5.3. Metabolic Function
Some differentially abundant pathways have been investigated in breast cancer patients, mainly involving hormone metabolism (estrogens and progesterone), cysteine and methionine metabolism, glycosyltransferases, fatty acid biosynthesis and metabolism, and C5-branched dibasic acid metabolism [92,93].
Thus, many of the microbes related with BC share the β-glucuronidase enzymatic activity mentioned above, which hinders the conjugation of estrogens, among other compounds, and leaves them as biologically active hormones. The perturbation of this estrobolome has been shown to influence both local and systemic levels of estrogen and its metabolites [13,94]. Malignant tissue in ER+ BC contains higher levels of estrogen metabolites as compared to normal breast tissue, attributed in part to altered intracrine signaling [95]. β-Glucuronidase prevalence was also found in nipple aspirate fluid of breast cancer survivors [65]. Many β-glucuronidase bacteria are found in two dominant subgroups, namely the Clostridium leptum cluster and the Clostridium coccoides cluster, which belong to the Firmicutes phylum. The Escherichia/Shigella bacterial group, a member of the Proteobacteria phylum, also possesses β-glucuronidase enzymes [51]. Some studies have shown positive correlations between the abundance of Streptococcus and the presence of β-glucuronidase and/or β-glucosidase enzymes [96].
β-Glucuronidase could also play a major role in the deconjugation of endocrine disrupting chemicals, such as bisphenol-A, increasing the time that they remain in the organism. Some endocrine compounds could induce alterations in the gut microbiota and the metabolites they produce, which may be associated with increased inflammation [97].
6. Conclusions
The association between women’s microbiota and BC has been explored to a certain extent to date. However, it is still unclear whether the host’s microbiota is causative or contributory to this disease. It is worth pointing out that most of the data available at this time suggest the role of specific microbial agents present in the breast and/or gut microenvironment on this disease. The exact mechanisms underlying the clinical observations described in this review remain to be fully understood. The studies published so far utilize a wide range of DNA extraction methods, amplification primers, sequencers, bioinformatics pipelines, and patient populations impairing the comparison of data. Therefore, new computational approaches (ASVs) that scale linearly with study size, simple merging between independently processed data sets, and forward prediction including accurate measurement of diversity and applicability to communities lacking deep coverage in reference databases are needed [23].

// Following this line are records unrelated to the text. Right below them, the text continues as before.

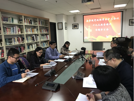 最后,院长助理兼教工支部书记吉兰湘、党总支委员张乃钟、学生支部书记胡振斌也分别结合自己的工作、学习、生活等各个方面畅谈了自己学习十九大报告的心得与体会。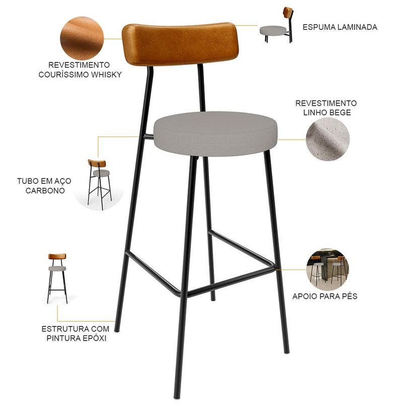 Amplamente moderna, dispondo de muito realce e design singular, o Kit 04 Banquetas Alta Cozinha Sala De Jantar Aço Milão L02 Couríssimo Whisky Linho Bege - Lyam Decor vem com a personalidade e elegância que sua decoração merece! Estruturada em aço carbono, contrasta lindamente com o encosto e assento estofados, cabe mencionar ainda o revestimento do seu encosto em Couríssimo e do assento em Linho, é confeccionada por materiais de excelente qualidade, extremamente resistentes e aconchegantes. Possui altura ideal, garantindo o encaixe perfeito no ambiente, otimizando seu espaço e promovendo máximo conforto. Pode ser disposta em bancada, cozinha americana, área gourmet ou home bar, as possibilidades são infinitas e as combinações ficarão perfeitas. Adquira já a sua!! Dimensões do Produto (L x A x P) 44 x 100 x 52 cm Medidas Internas: Altura do chão ao assento: 75 cm Altura do chão ao apoio para pés: 29 cm Altura do assento: 6 cm Largura do assento: 34 cm Altura do assento ao encosto: 26 cm Altura do encosto: 11 cm Largura do encosto: 40 cm Profundidade do encosto: 6 cm Características: Encosto e assento estofados com espuma laminada. Revestimento do encosto em Couríssimo na cor Whisky e assento revestido em Linho na cor Bege, com acabamento semi brilho. Estrutura fixa em aço carbono com pintura epóxi na cor preto. Pés com ponteiras plásticas, que permitem maior resistência e qualidade sem riscar o piso. Peso suportado de até 120 kg. Produto entregue desmontado, acompanha manual de montagem. - Por se tratar de estofado as medidas podem ter uma pequena variação de até 3 cm. - A tonalidade do produto real poderá ter ligeira variação devido o lote de tecidos. - A limpeza deve ser feita com pano levemente umedecido em água limpa, sem esfregar, não utilizar produtos abrasivos, desengordurantes, álcool ou solvente. Observações importantes: - Produto para uso residencial em ambiente interno, não devendo ficar exposto diretamente ao sol, calor e umidade excessivos. - Pode haver alguma diferença de tonalidade entre a imagem e o produto real, por conta do tratamento de imagens e a calibração de cores do seu monitor. - As imagens são meramente ilustrativas, não acompanham objetos de decoração e eletrônicos. - Ao receber a mercadoria, o cliente deve verificar as condições da embalagem, caso haja alguma avaria não assine o comprovante de recebimento. - Montagem, desmontagem e outras instalações serão de responsabilidade do cliente. Não nos responsabilizamos, no ato da entrega, por subir escadas/elevadores ou pelo transporte por guincho em apartamentos. Eventuais despesas são de responsabilidade do comprador. - Confira as dimensões do produto e certifique-se de que passará normalmente por supostos elevadores, portas, escadas e/ou corredores de sua residência.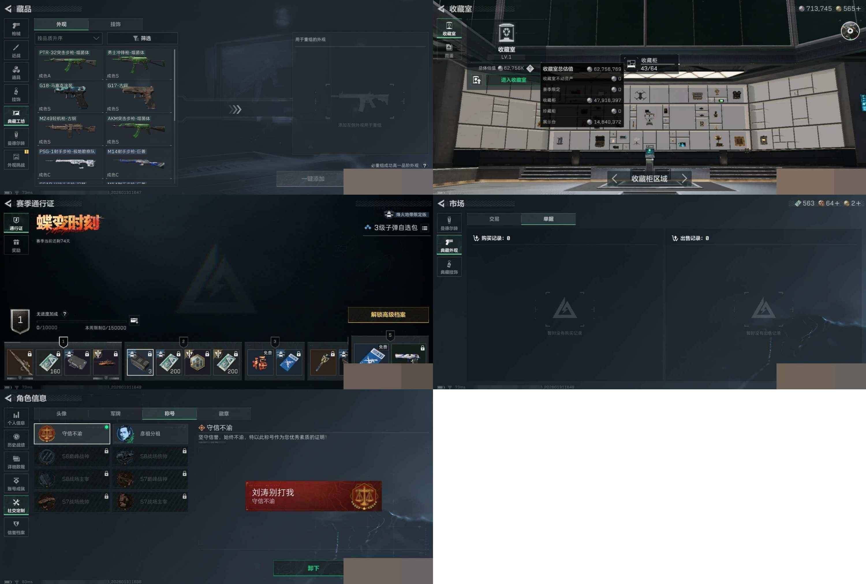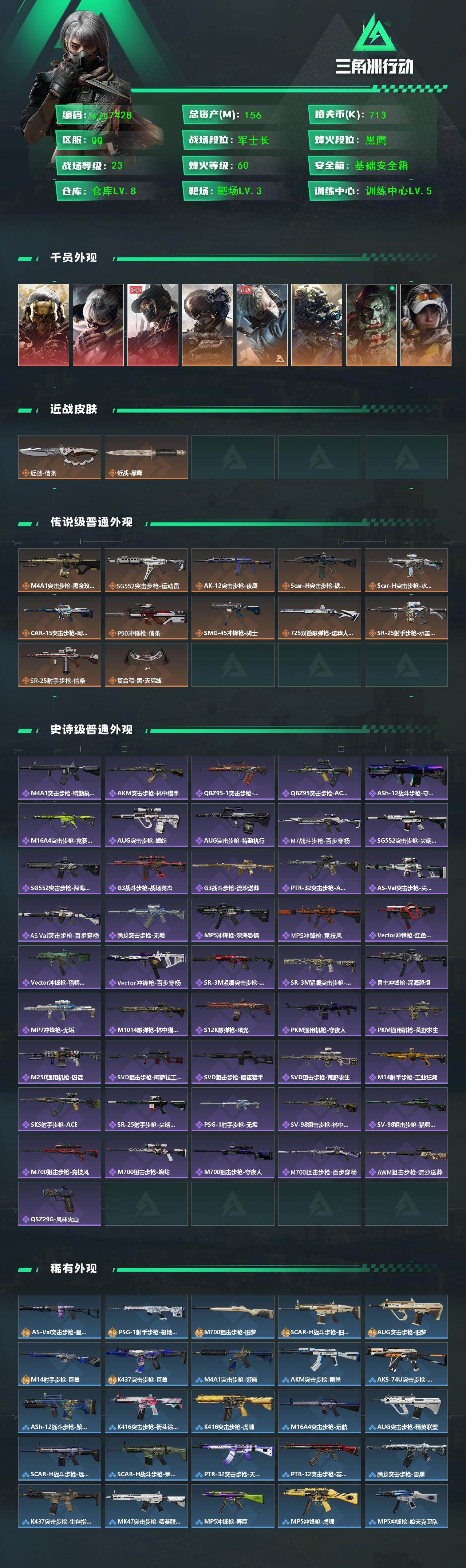 【sjs7428】总资产 150m 红狼 露娜 水墨 信条 烽火地带段位: 黑鹰 全面战场段位: 军士长 总资产: 156000000 哈夫币: 713000 sjs7428 干员外观: 红狼-蚀金玫瑰,威龙-壮志凌云(S3),骇爪-水墨云图,无名-夜鹰(S4),蜂医-送葬人·无题密令(S5),露娜-黑·天际线,红狼-电锯惊魂,露娜-金牌射手(S7) 传说武器皮肤: M4A1突击步枪-蚀金玫瑰,SCAR-H战斗步枪-铁艺苍穹,SR-25射手步枪-水墨云图,SCAR-H战斗步枪-水墨云图,AK-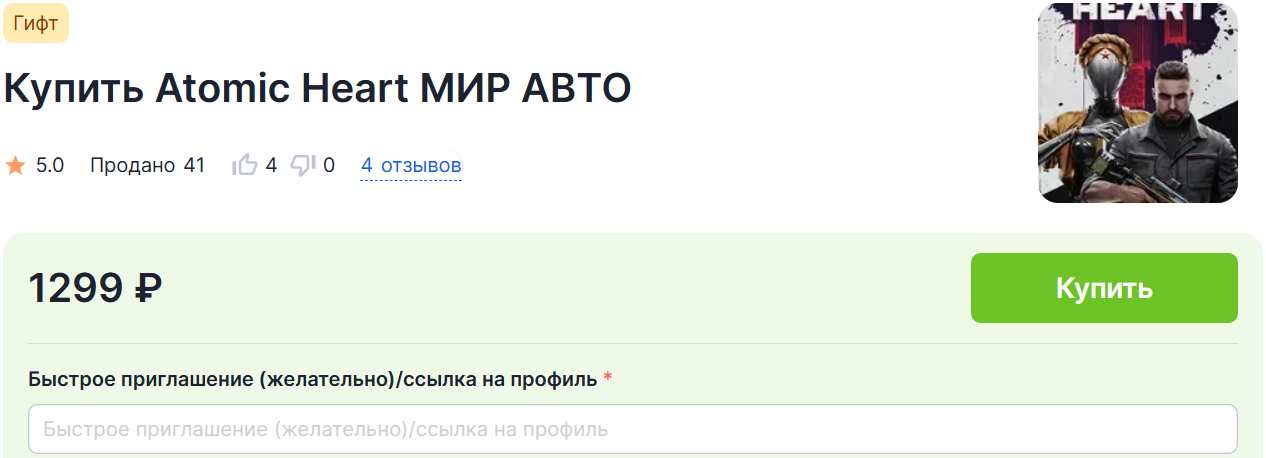 Переходим в категорию «Atomic Heart» и выбираем подходящий товар. Также, как и в предыдущем способе, смотрим на его критерии, внимательно читаем описание и оплачиваем.

Further studies examining whole microbiota composition and function would provide vital information on its role in breast health. To define specific microbial signatures for BC patients may also have implications for future diagnostic development as well as for therapeutic interventions [98].
Acknowledgments
Ongoing research is funded by grant PI-0538-2017, Junta de Andalucía, Spain (to LF). This article is part of the work developed by JMA in the context of the Master “Advances in Diagnostic and Therapeutic Radiology and Physical Medicine” of the University of Granada.
Author Contributions
All authors have participated in the bibliographic search, discussion and writing of the manuscript.
Funding
This research received no external funding.
Conflicts of Interest
The authors declare no conflict of interest.